JERMAIN TAYLOR OSZALAŁ? KOLEJNE ARESZTOWANIE I OBAWY PROMOTORA

Leszek Dudek, boxingscene.com

2015-01-20

Od czasu wznowienia kariery Jermain Taylor (33-4-1, 20 KO) nie potrafi trzymać się z dala od kłopotów. Dawny król wagi średniej, a obecnie mistrz świata federacji IBF znów został aresztowany i to w kuriozalnych okolicznościach, które sugerują, że zdrowie psychiczne Amerykanina może być w opłakanym stanie.

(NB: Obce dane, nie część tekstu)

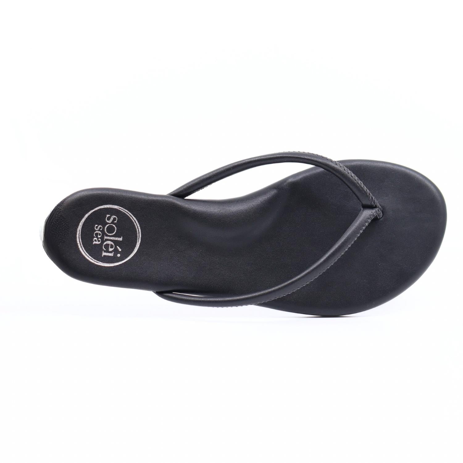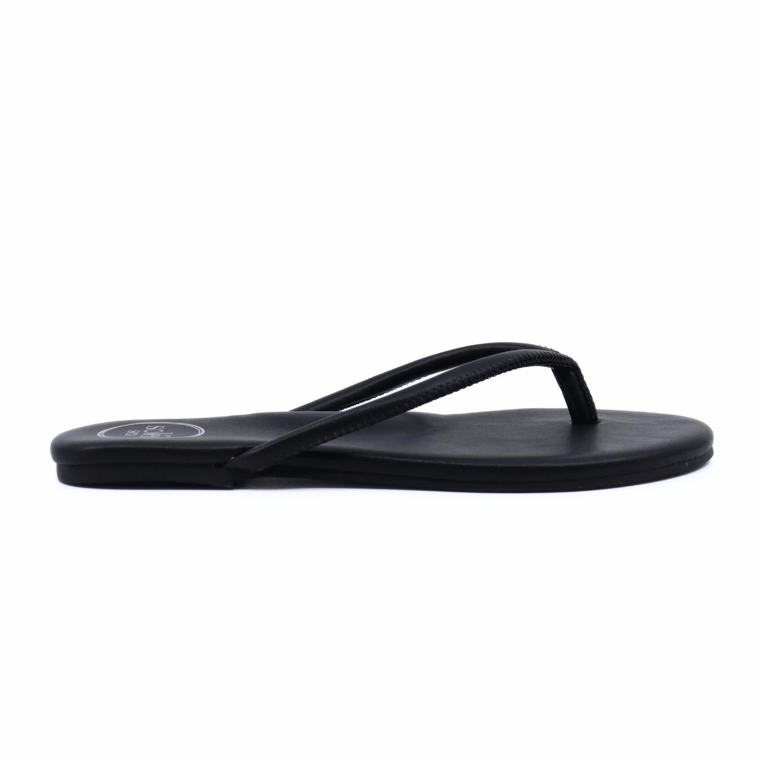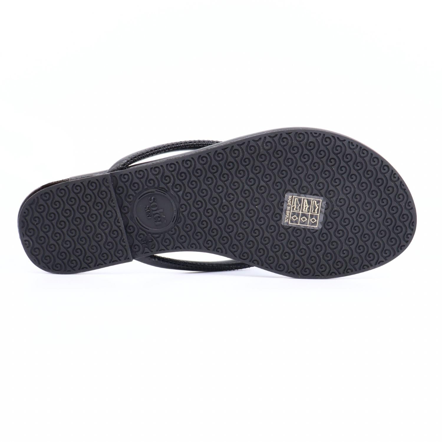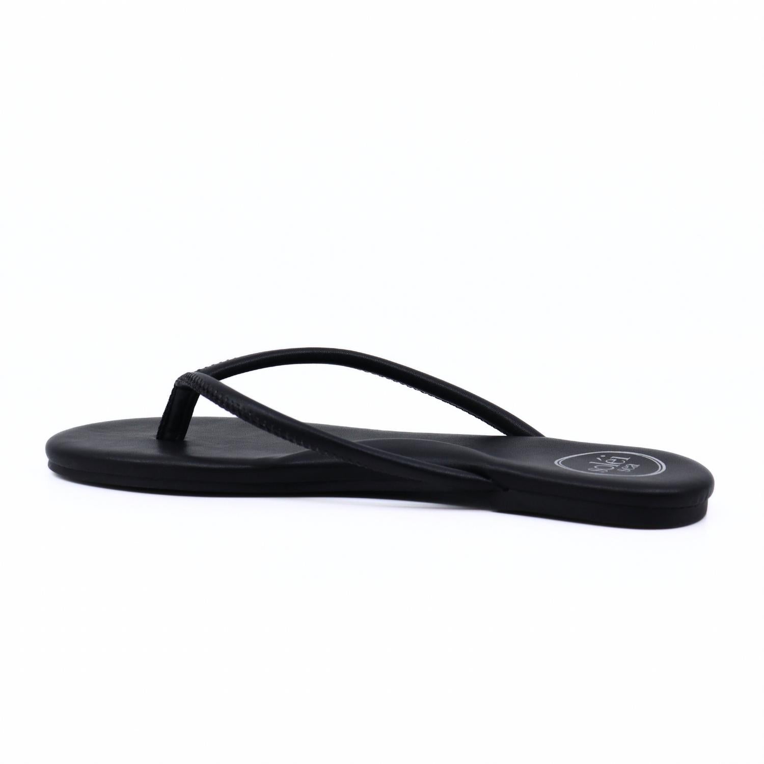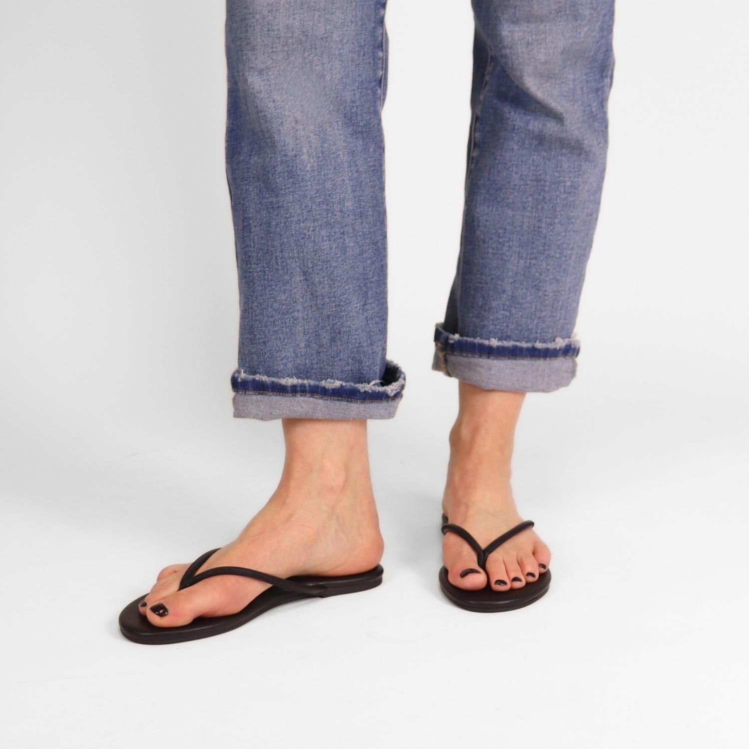 This sandal will take you from brunch to dinner and everything in between. Step into all-day comfort with the Vivie Sandals by Soléi Sea, designed for the modern woman seeking effortless style. Crafted from supple vegan leather with a flexible rubber outsole featuring the signature wave design, these sandals are the perfect blend of elegance and practicality. Made in Brazil, the open toe thong style boasts a cushioned arch support and footbed, promising a gentle fit with each step. Ideal for summer travel, these flat, minimalist sandals in sleek black feature non-slip, water-resistant materials for versatility from brunch to vacation.

Planowana na 6 lutego walka z Sergio Morą (27-3-2, 9 KO) została oczywiście odwołana, a oficjalnym powodem jest kontuzja żebra czempiona.

Podczas ulicznych obchodów Martin Luther King Parade w rodzinnym Little Rock (Arkansas) Taylor pięciokrotnie wystrzelił ze swojej broni, co zostało zakwalifikowane przez policję jako zagrożenie terrorystyczne. "Bad Intensions", który od pewnego czasu żyje stosownie do swojego pseudonimu, został już zatrzymany. Znaleziono przy nim marihuanę. W sieci pojawiły się nagrania ukazujące boksera tańczącego radośnie z kubkiem w dłoni.

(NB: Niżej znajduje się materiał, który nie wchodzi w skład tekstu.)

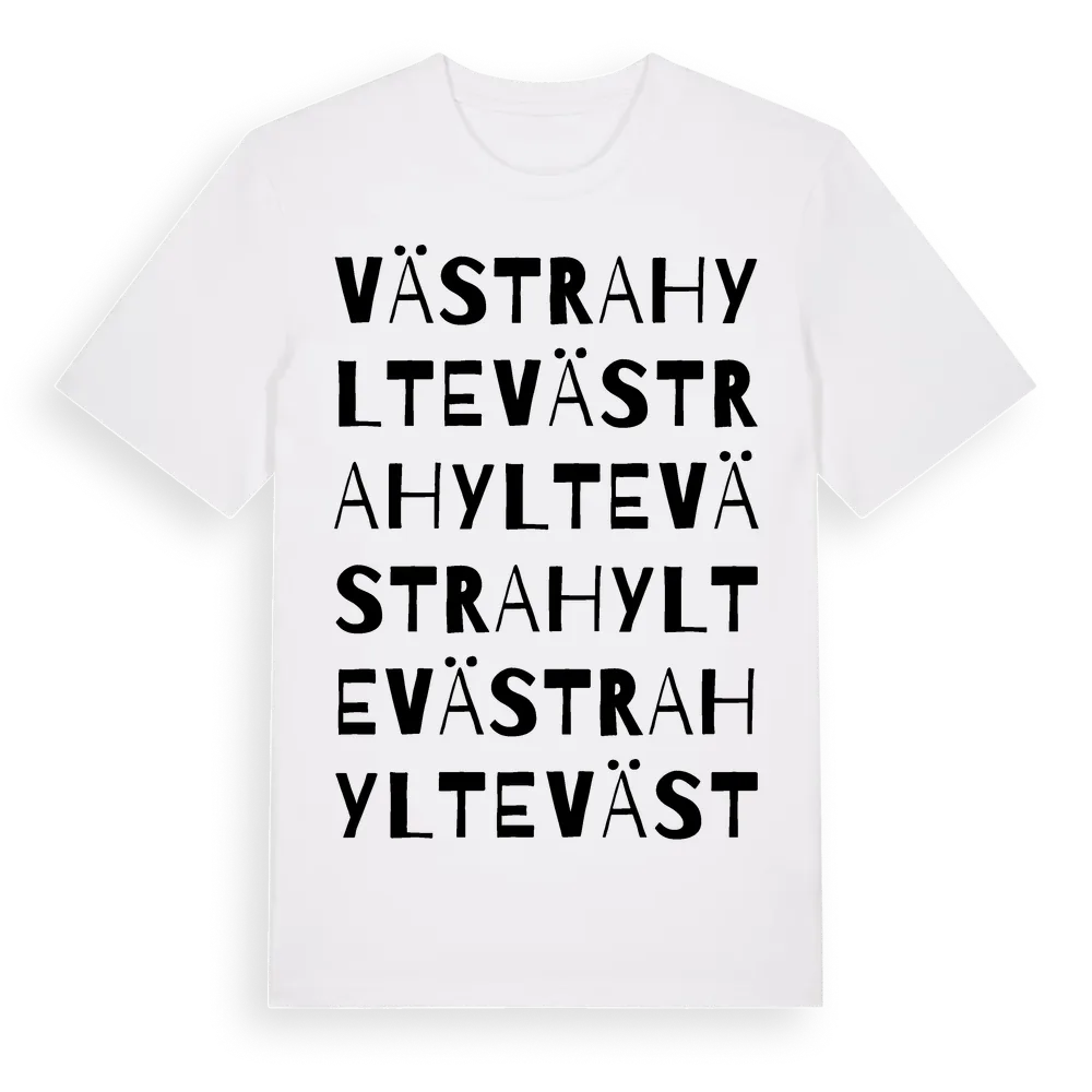 Västra Hylte ordlek t-shirt är inspirerad av Västra Hylte i Hallands län, Sverige. Tröjan är designad för dig som har en speciell koppling till platsen – oavsett om du bor här, har rötterna här eller bara älskar Västra Hylte.

- To bardzo niepokojące - przyznał w rozmowie z BoxingScene.com Lou DiBella, promotor Taylora. - Martwi nas stan jego zdrowia psychicznego. Kariera bokserska schodzi teraz na drugi plan. Próbujemy wszystkiego, żeby komuś pomóc. Jestem bardzo zawiedziony dzisiejszymi rewelacjami.

W ubiegłym miesiącu Jermain rzucił cegłą w kobietę - rzekomo w samoobronie. Wcześniej postrzelił swojego kuzyna i groził towarzyszącemu mu mężczyźnie, gdy ci wkroczyli na jego prywatny teren. Termin przesłuchania w sprawie wystrzałów na paradzie MLK wyznaczono na 29 maja.